Task statement:
The expected output is an exact copy of the lines from the one containing "[ A Statement" through the final line of the entries below, with no images.

(Saved data entries)
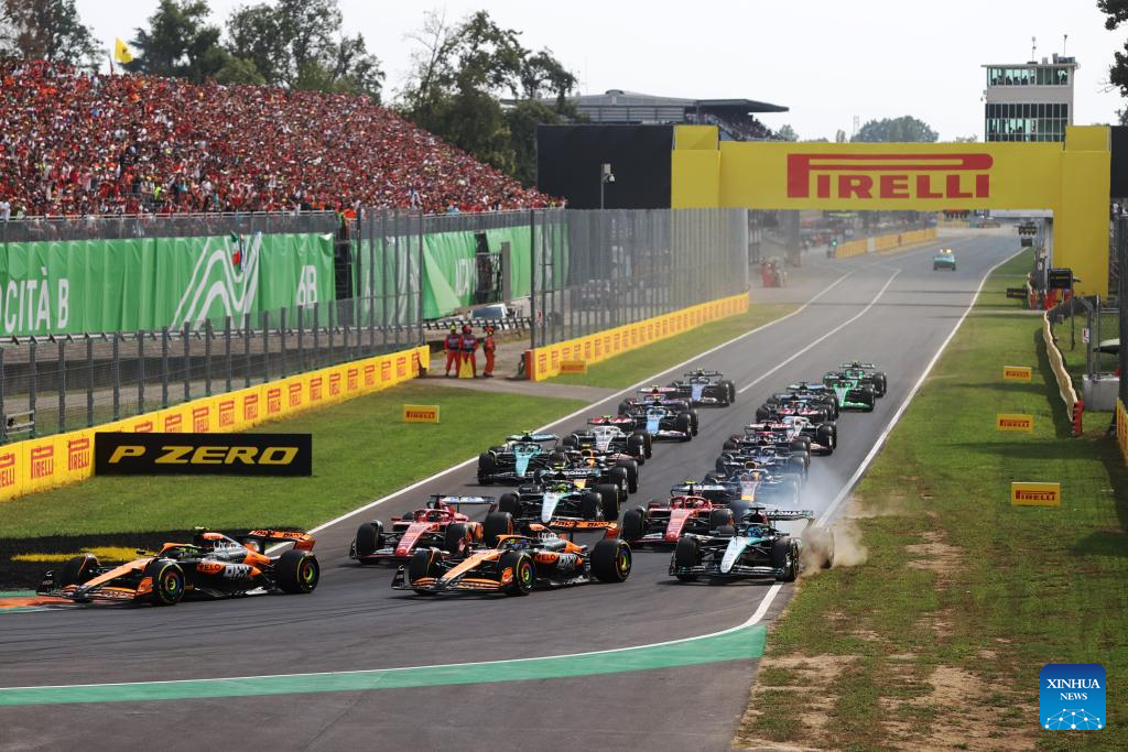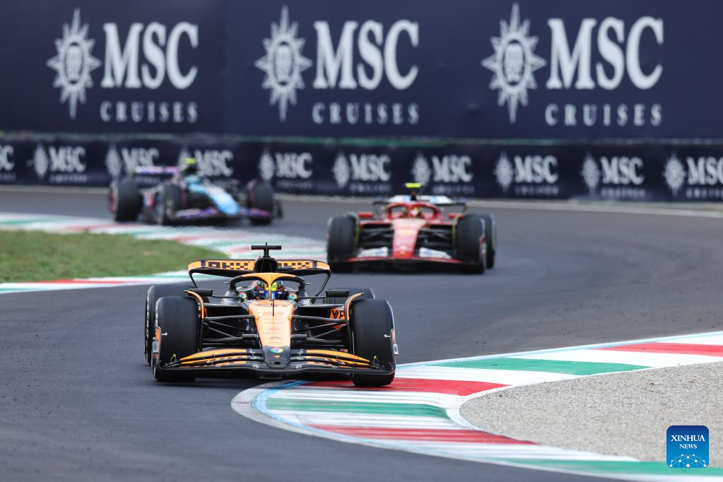 McLaren's Australian driver Oscar Piastri (front) competes during the Formula 1 Italian Grand Prix at Monza Circuit, Italy, Sept. 1, 2024. (Xinhua/Zhao Dingzhe)
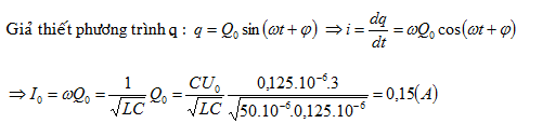 Một mạch dao động điện từ gồm một tụ điện có điện dung 0,125 μF và một cuộn cảm có độ tự cảm 50mH. Điện trở thuần của mạch không đáng kể. Hiệu điện thế cực đại giữa hai bản tụ điện là 3 V. Cường độ dòng điện cực đại trong mạch là
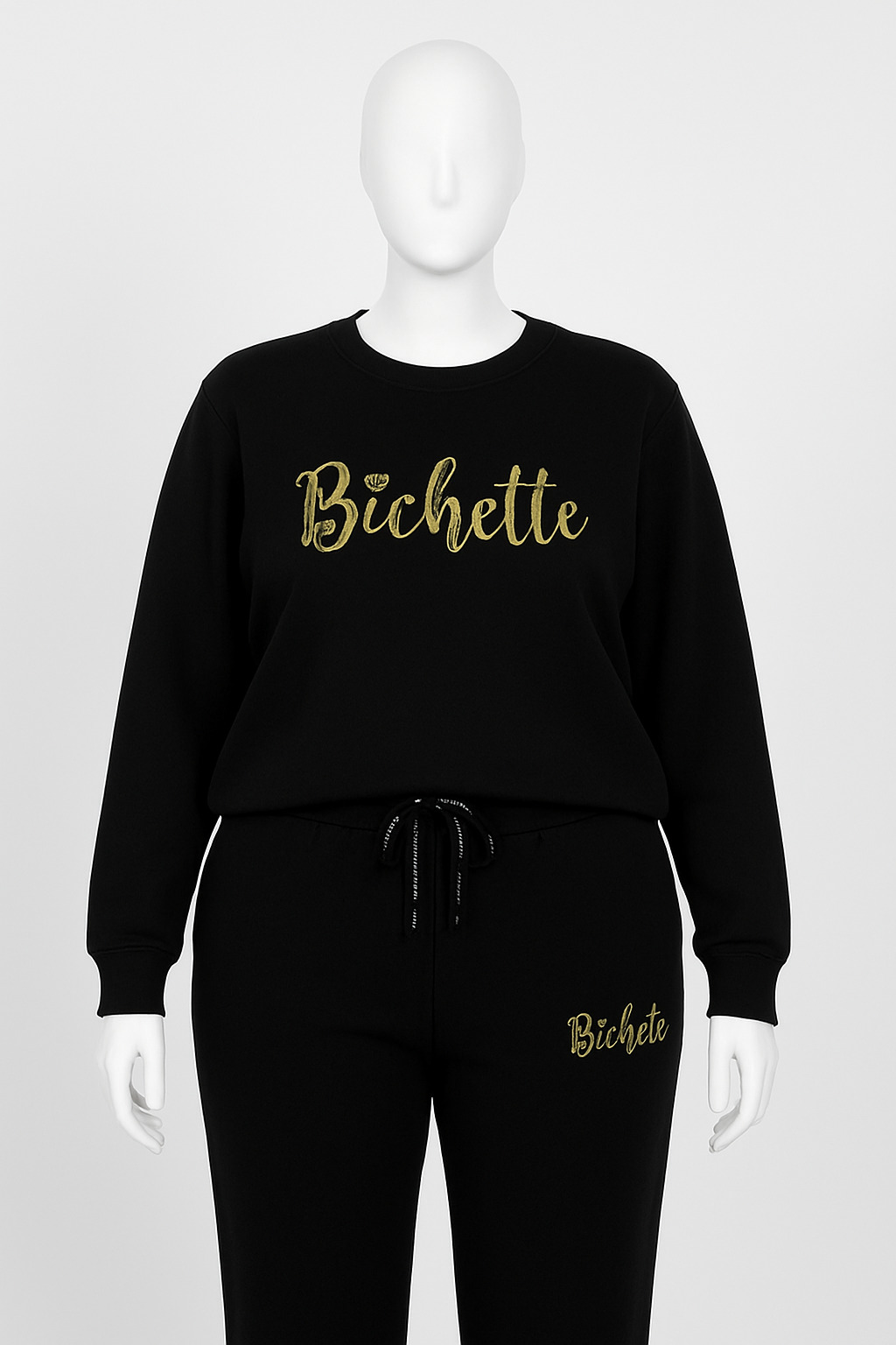 Descubre la combinación perfecta entre moda y confort con nuestro Conjunto Chándal Gold, un conjunto elegante y moderno que no puede faltar en tu armario si buscas un look casual con un toque sofisticado. Con su tejido negro suave y diseño de letras doradas, aporta un aire chic y minimalista, ideal tanto para estar cómoda en casa como para salir con estilo. 🖤
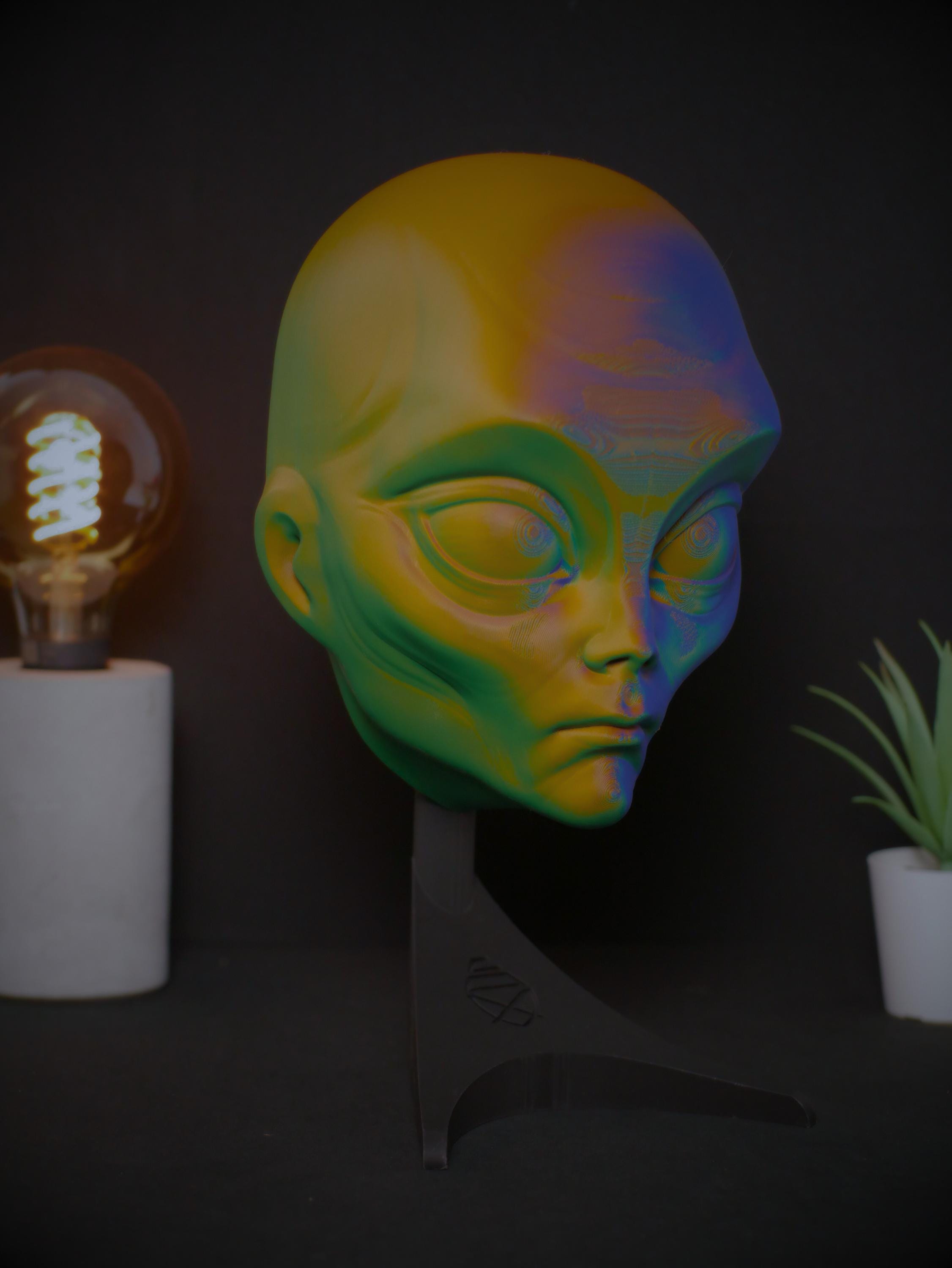 [ A Statement Piece for Any Room ] Whether you're decking out your gaming setup, adding character to your home office, or looking for that perfect piece of wall art for your living room, this alien sculpture fits right in. Its sleek, modern design captures the classic "Grey Alien" form with a contemporary artistic twist. The detail in the eyes, facial structure, and elongated head is captured beautifully in the 3D printing process.
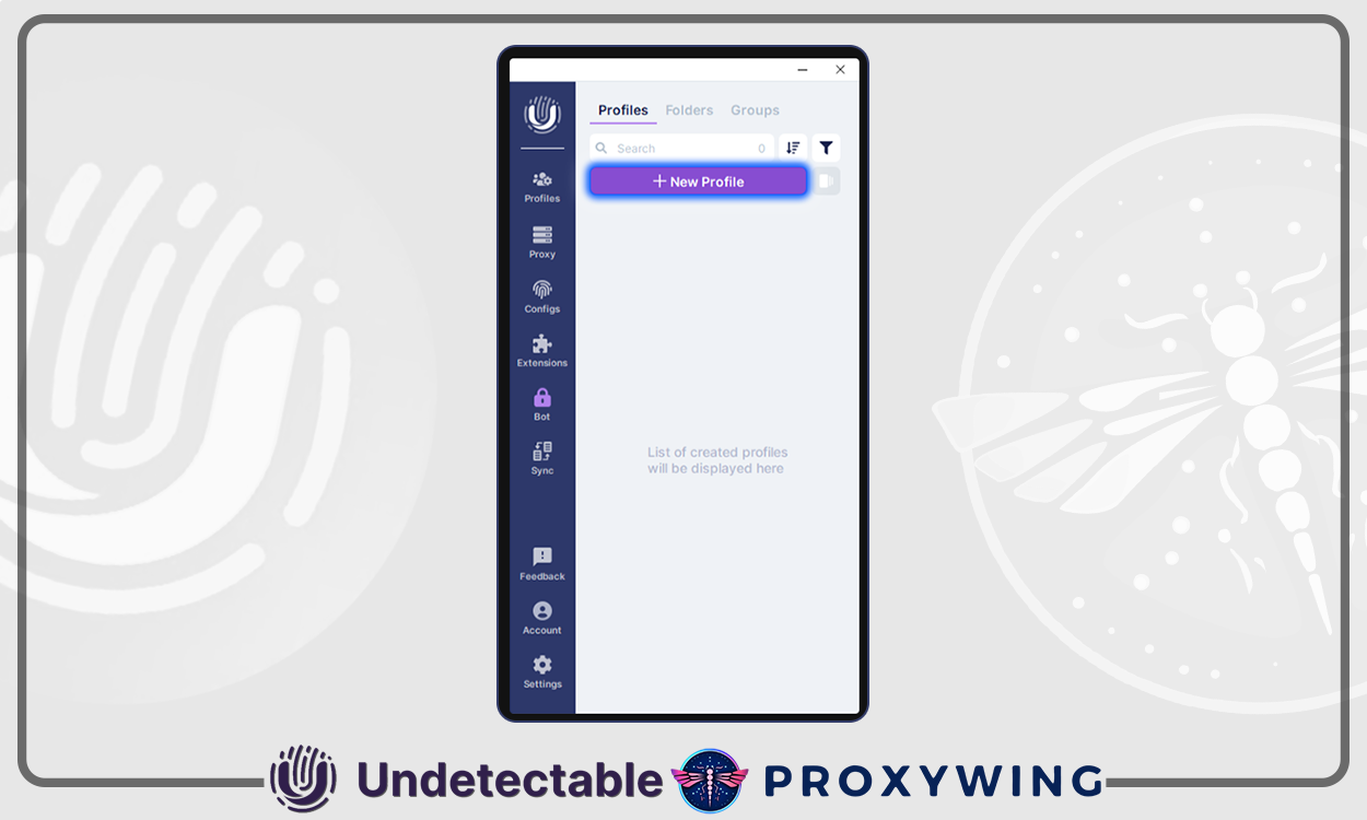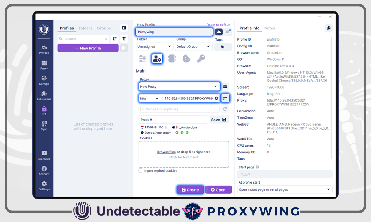 Insira um nome de perfil e vá para a seção de configurações de proxy. Cole os dados que você copiou da página do produto ProxyWing no campo de proxy.

Task output:
 [ A Statement Piece for Any Room ] Whether you're decking out your gaming setup, adding character to your home office, or looking for that perfect piece of wall art for your living room, this alien sculpture fits right in. Its sleek, modern design captures the classic "Grey Alien" form with a contemporary artistic twist. The detail in the eyes, facial structure, and elongated head is captured beautifully in the 3D printing process.
 Insira um nome de perfil e vá para a seção de configurações de proxy. Cole os dados que você copiou da página do produto ProxyWing no campo de proxy.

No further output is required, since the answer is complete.